EXERCISE DESCRIPTION:
Repeat, word for word and with nothing added, each line from the one containing "伝統的な模様を作家なりに解釈" to the final line of the data, keeping both ends. Pictures are not part of the copy.

Data entries:
◇ ◇ ◇ ◇ ◇ ◇ ◇
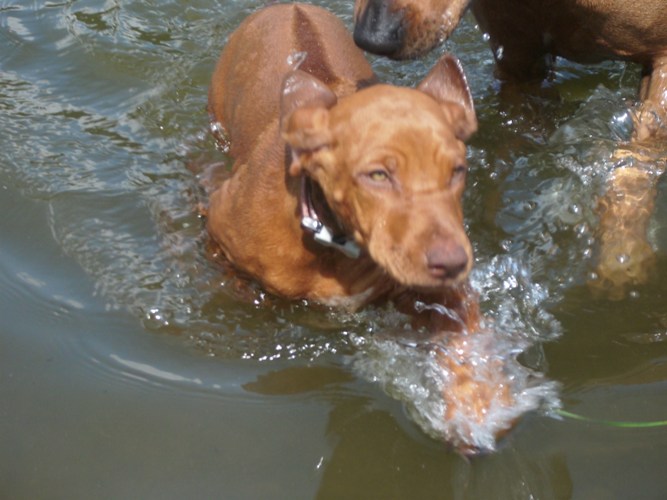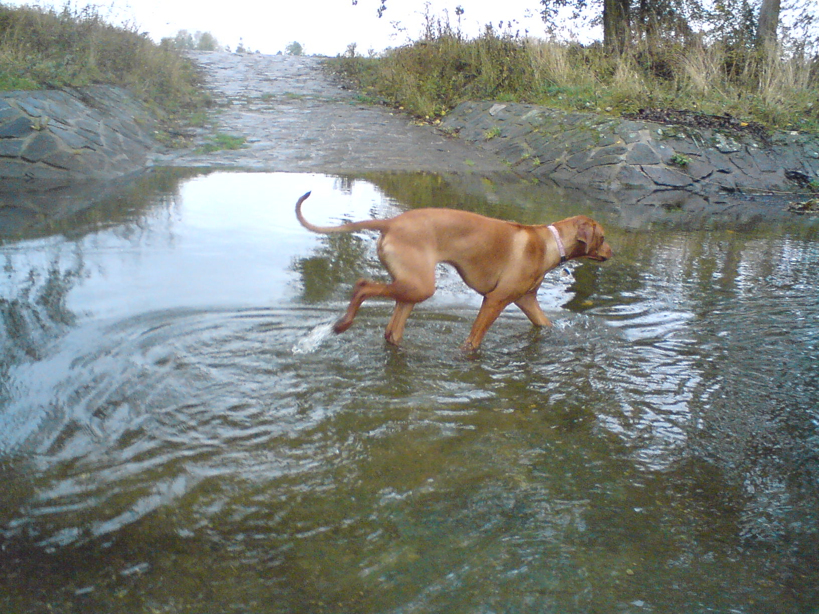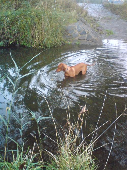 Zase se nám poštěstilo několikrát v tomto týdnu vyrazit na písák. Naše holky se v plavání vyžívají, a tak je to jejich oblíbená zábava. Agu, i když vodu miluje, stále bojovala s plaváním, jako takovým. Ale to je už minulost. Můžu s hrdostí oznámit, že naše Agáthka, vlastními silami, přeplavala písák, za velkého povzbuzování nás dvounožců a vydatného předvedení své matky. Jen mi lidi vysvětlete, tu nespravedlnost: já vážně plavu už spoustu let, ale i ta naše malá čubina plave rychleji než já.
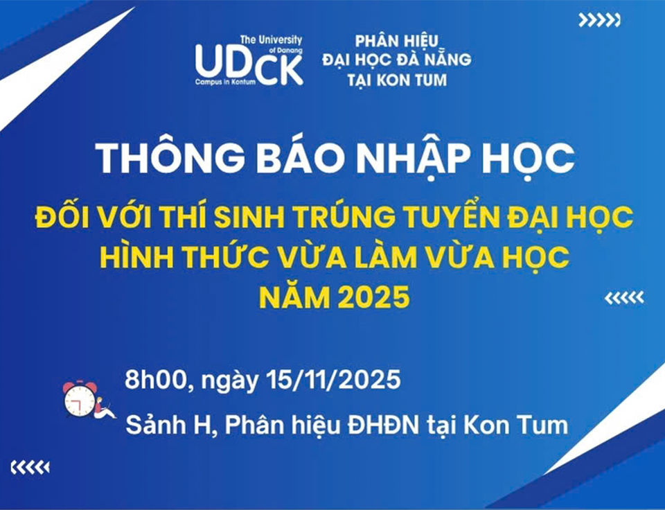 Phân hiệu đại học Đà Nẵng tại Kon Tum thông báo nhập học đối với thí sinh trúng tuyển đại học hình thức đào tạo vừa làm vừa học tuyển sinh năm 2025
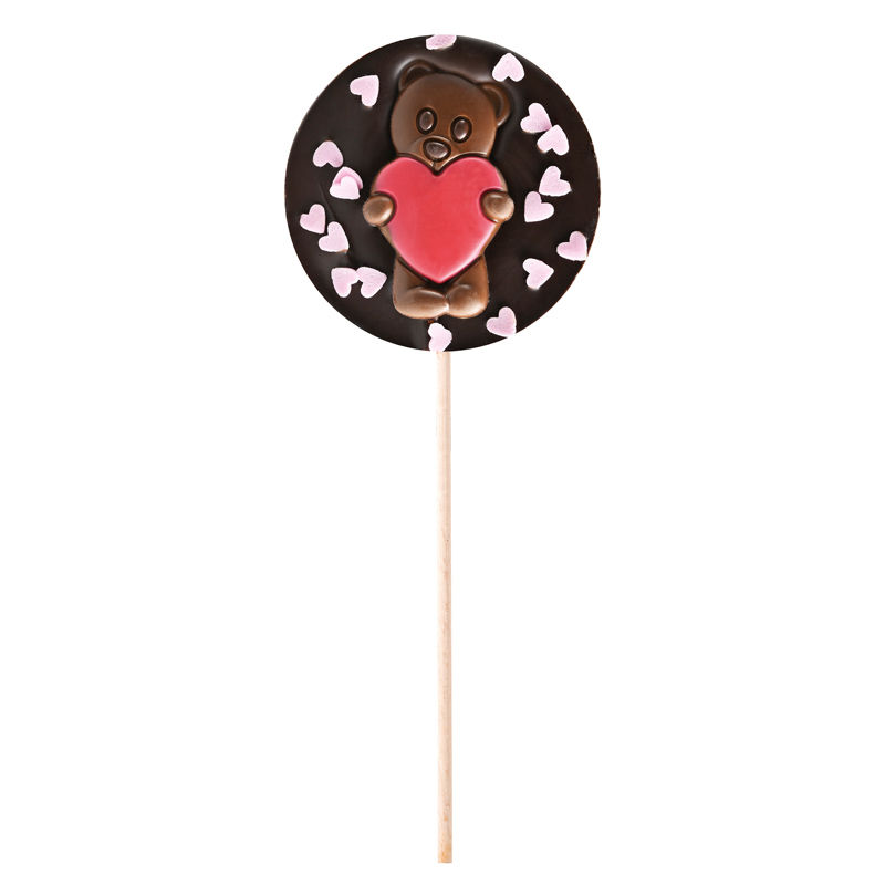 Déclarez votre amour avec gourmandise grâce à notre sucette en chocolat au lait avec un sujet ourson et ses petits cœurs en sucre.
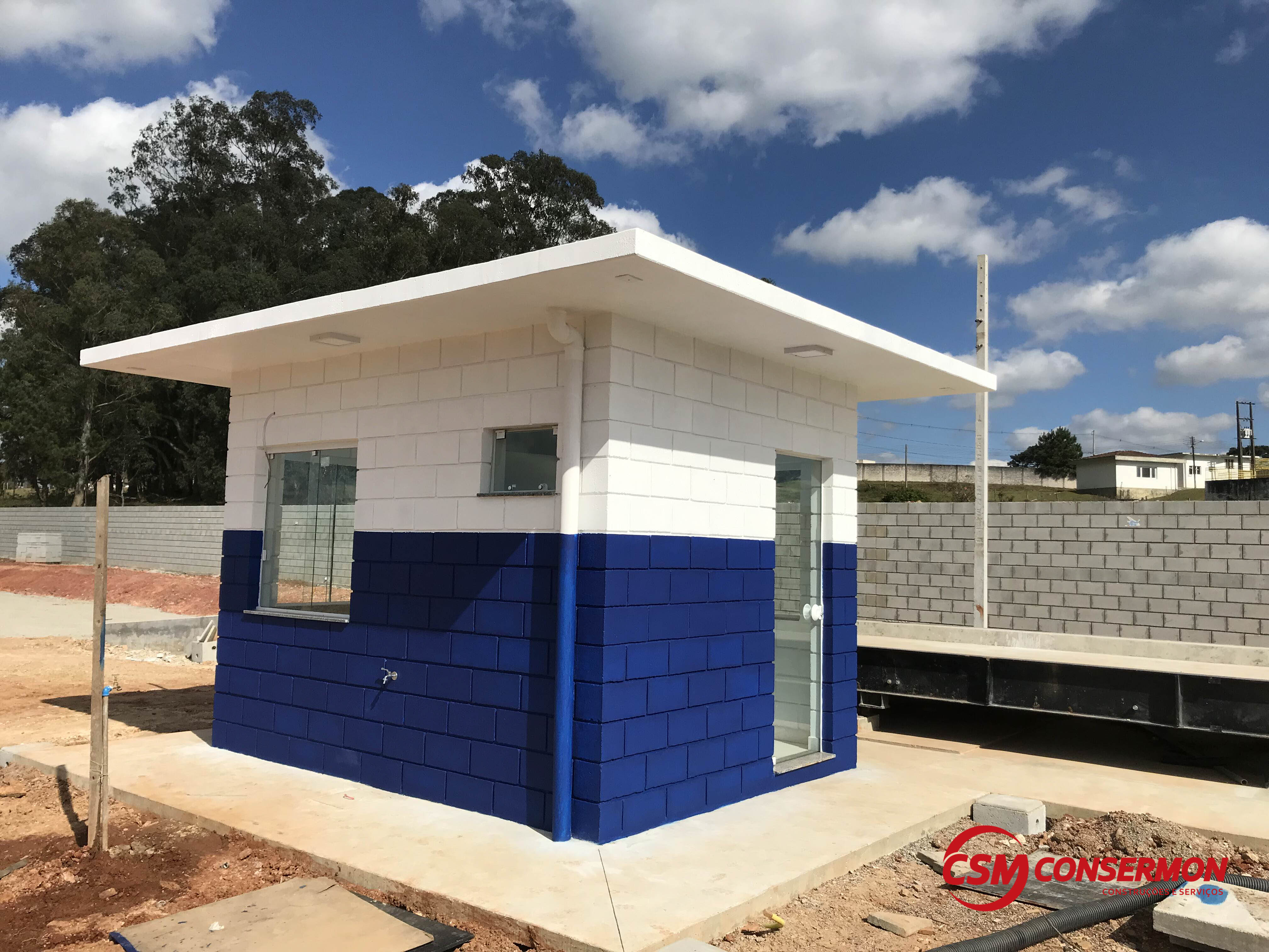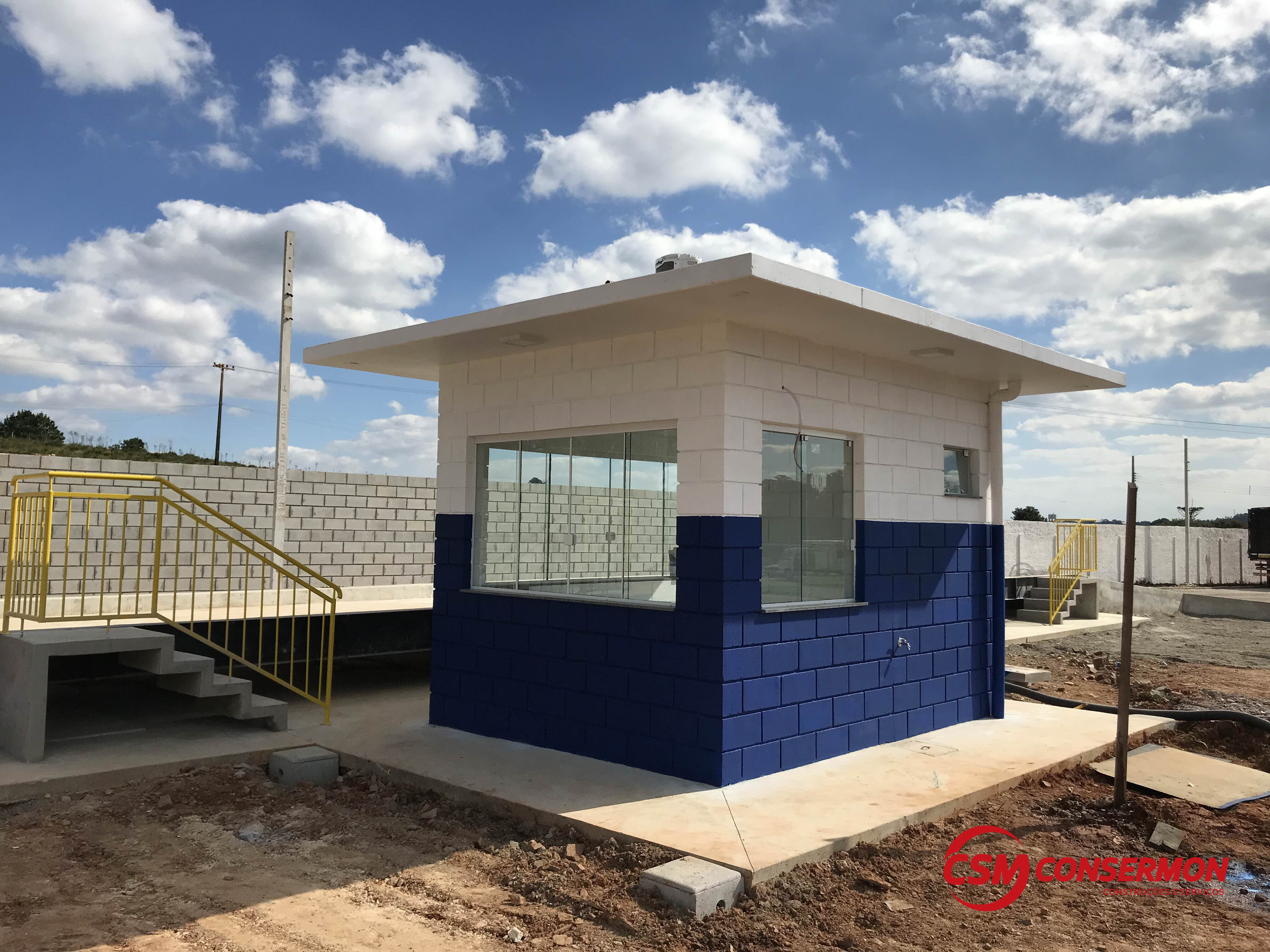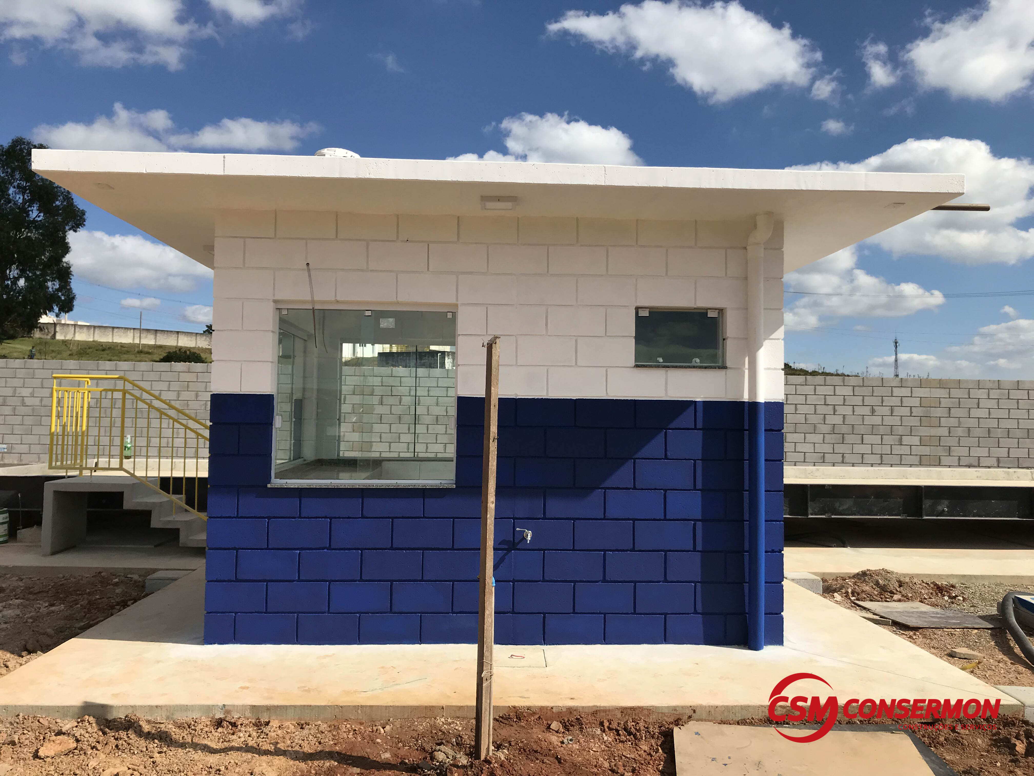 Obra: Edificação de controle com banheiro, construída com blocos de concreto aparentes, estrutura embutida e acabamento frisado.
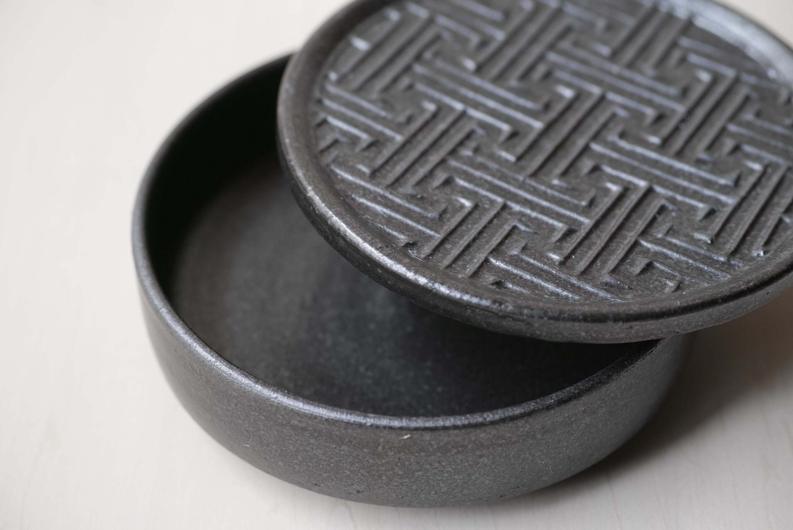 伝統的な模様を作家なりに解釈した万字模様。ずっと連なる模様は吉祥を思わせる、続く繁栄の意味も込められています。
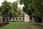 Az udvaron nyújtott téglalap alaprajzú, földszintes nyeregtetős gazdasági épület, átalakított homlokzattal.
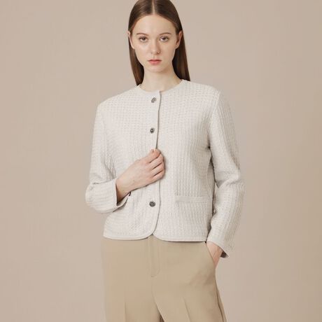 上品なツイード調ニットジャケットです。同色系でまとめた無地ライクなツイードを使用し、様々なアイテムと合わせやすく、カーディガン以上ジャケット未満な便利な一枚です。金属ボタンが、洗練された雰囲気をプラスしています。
◇ ◇ ◇ ◇ ◇ ◇ ◇
RESPONSE TO THIS TASK:
 伝統的な模様を作家なりに解釈した万字模様。ずっと連なる模様は吉祥を思わせる、続く繁栄の意味も込められています。
 Az udvaron nyújtott téglalap alaprajzú, földszintes nyeregtetős gazdasági épület, átalakított homlokzattal.
 上品なツイード調ニットジャケットです。同色系でまとめた無地ライクなツイードを使用し、様々なアイテムと合わせやすく、カーディガン以上ジャケット未満な便利な一枚です。金属ボタンが、洗練された雰囲気をプラスしています。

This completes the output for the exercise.